More. Starting salary at one of the ten biggest firms (one of which employs me, although IANAL) is around $190,000 per year, plus bonus. At least here in NYC. A seventh-year associate can expect more than $300,000 plus a huge bonus, although at that point it’s up or out – if an associate doesn’t make partner after seven years (more or less, different firms have different expectations), he or she is expected to leave the firm. On friendly terms – it’s not exactly getting fired, and most associates will not make partner.

There are some exceptions. Most of the big firms have a white-collar defense department, and those lawyers are charging the same kind of money as their corporate partners and associates. Of course, once we’re talking about partner compensation, that’s based on billing and (sometimes) bringing in new business, and white-collar defense partners may be making less than, say, the corporate bankruptcy dudes. But the associates are paid the same as the associates in any other department of the firm.

But as for ADA salaries, you’re absolutely right.
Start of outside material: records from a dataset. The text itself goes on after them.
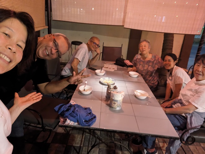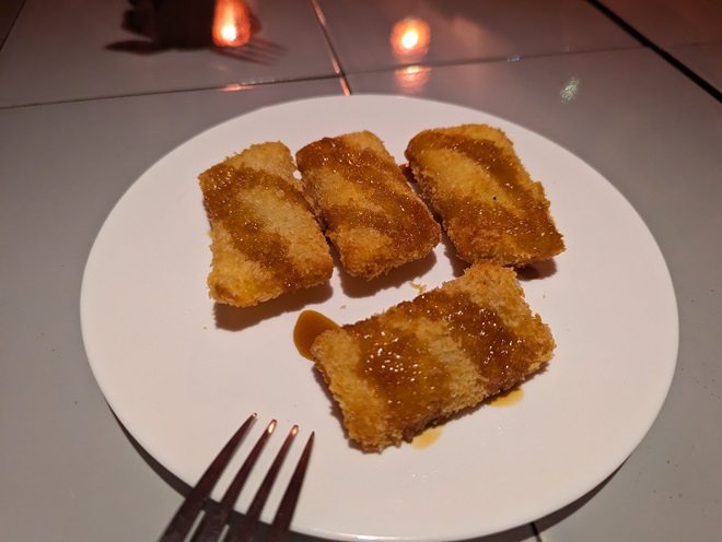 この日、気さくでご親切な、バリトンの美声を持つ大将と、従業員のフィリピン人マリアさんとの会話が弾み、試作品の「うどんカルボナーラ」と、マリアさん自慢のフィリピン風アップルパイ(パンの切れ端にアップルフィリングを包み、油で揚げたフィリピンのお菓子)をサービスしてくださった。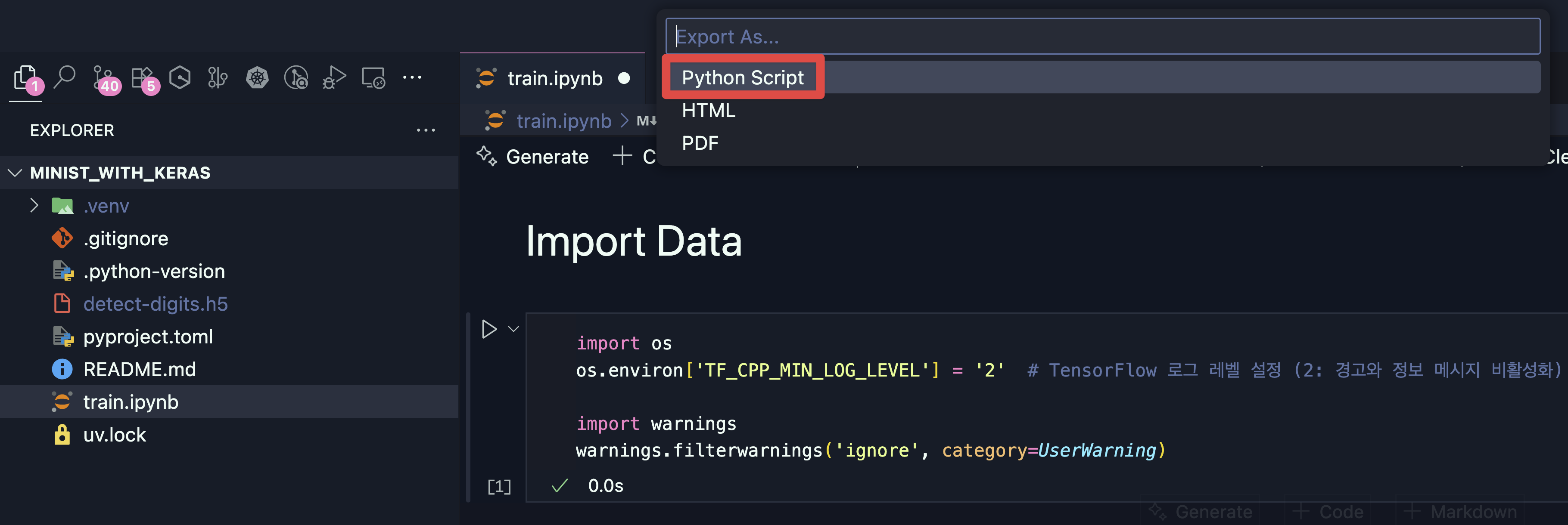 이 글은 vscode에서 notebook(ipynb) 코드를 파이썬 코드로 변환하는 방법을 설명합니다.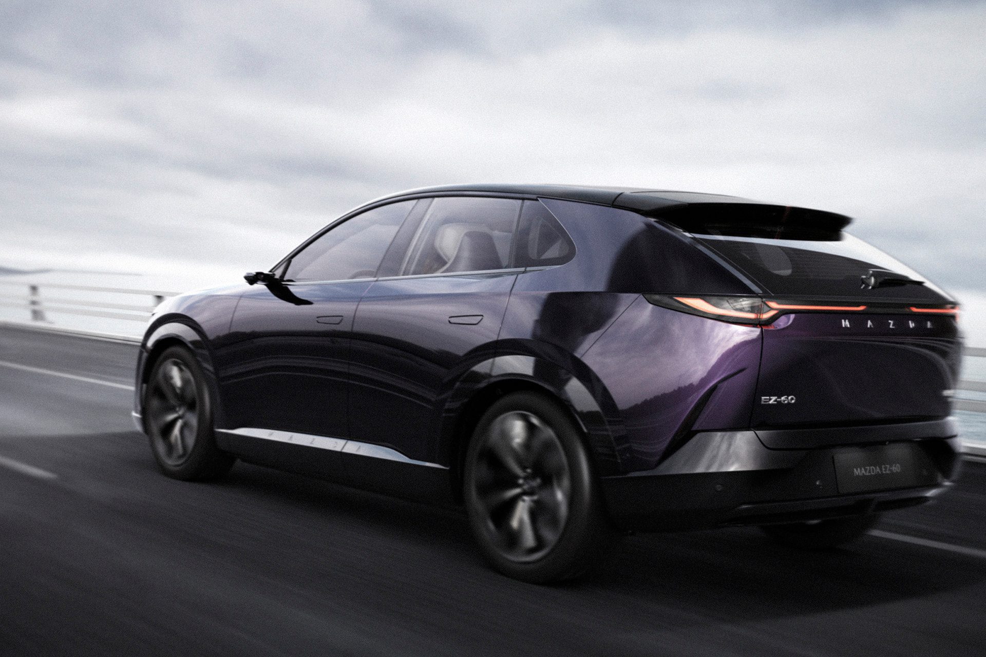 The EZ-60 is a Mazda-Changan joint venture project, like the 6e. The look is aggressive, low and wide, with large wheels and a small glasshouse. Its Mazda-typical grille features a 3D lighting surround. The grille has a small vent that funnels air into a wing in the bonnet, aiding aero.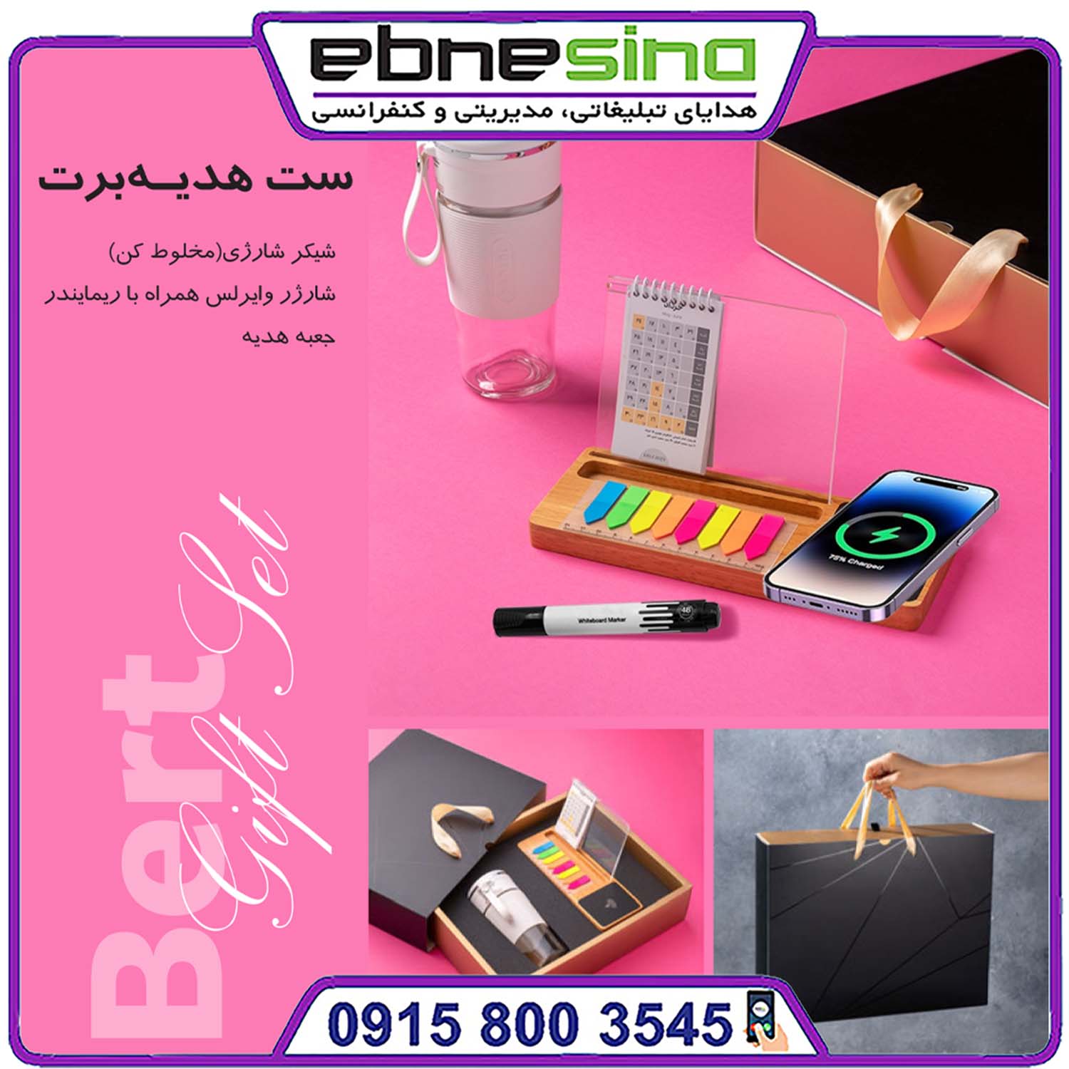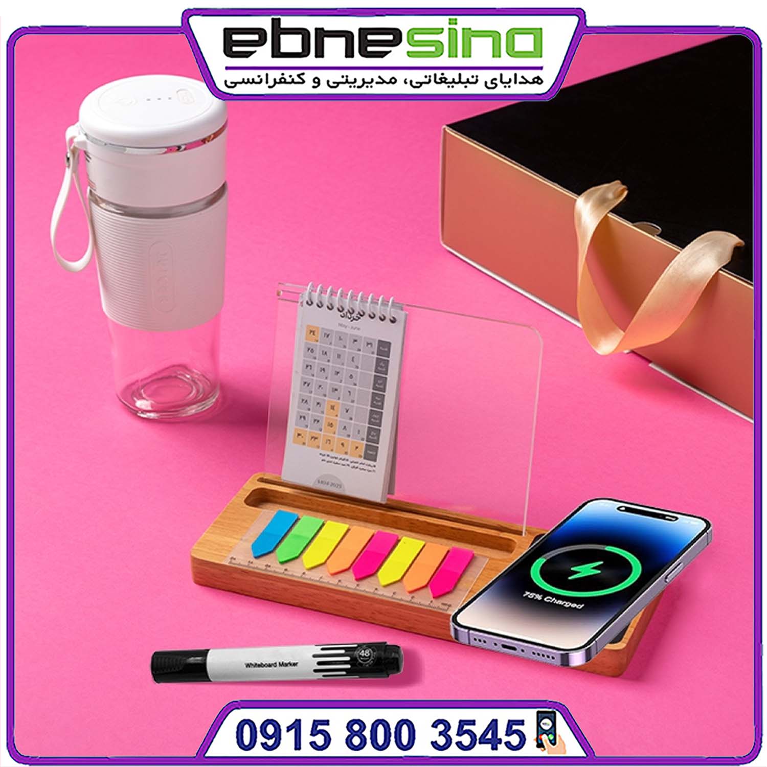 دستگاهی جمع و جور و قابل حمل برای تهیه انواع نوشیدنیهای انرژیزا، اسموتی یا دمنوش در محل کار و سفر. کیفیت بالا و طراحی مدرن آن تجربهای متفاوت از نوشیدن نوشیدنیهای گرم و سرد ارائه میدهد. - تقویم رومیزی همراه با شارژر وایرلس و ریمایندر:

Also an IT guy, in my case at a law firm, and I make a bit more than an ADA, at least for the first few years of his/her career. Bureau chiefs probably make more than me, but I’m not sure. Seems like they should.

My father, who was (now retired) a US District Court judge, always found it somewhat amusing that a first-year associate at a Wall Street firm made more money than he did. He didn’t mind, he just thought it was funny.

They’re not “misleading” at all. Median salary figures for any occupation include numbers for people new to the field and/or straight out of school. In any case, the next line in my post specifically notes that those numbers are not directly comparable to criminal litigation salaries.

Right. That’s why I said “these types of stats”. But they are misleading to people who don’t appreciate that, and are thinking this is the distribution of salaries for a typical mid-career person in that occupation (which is what I would guess the post preceding yours was about).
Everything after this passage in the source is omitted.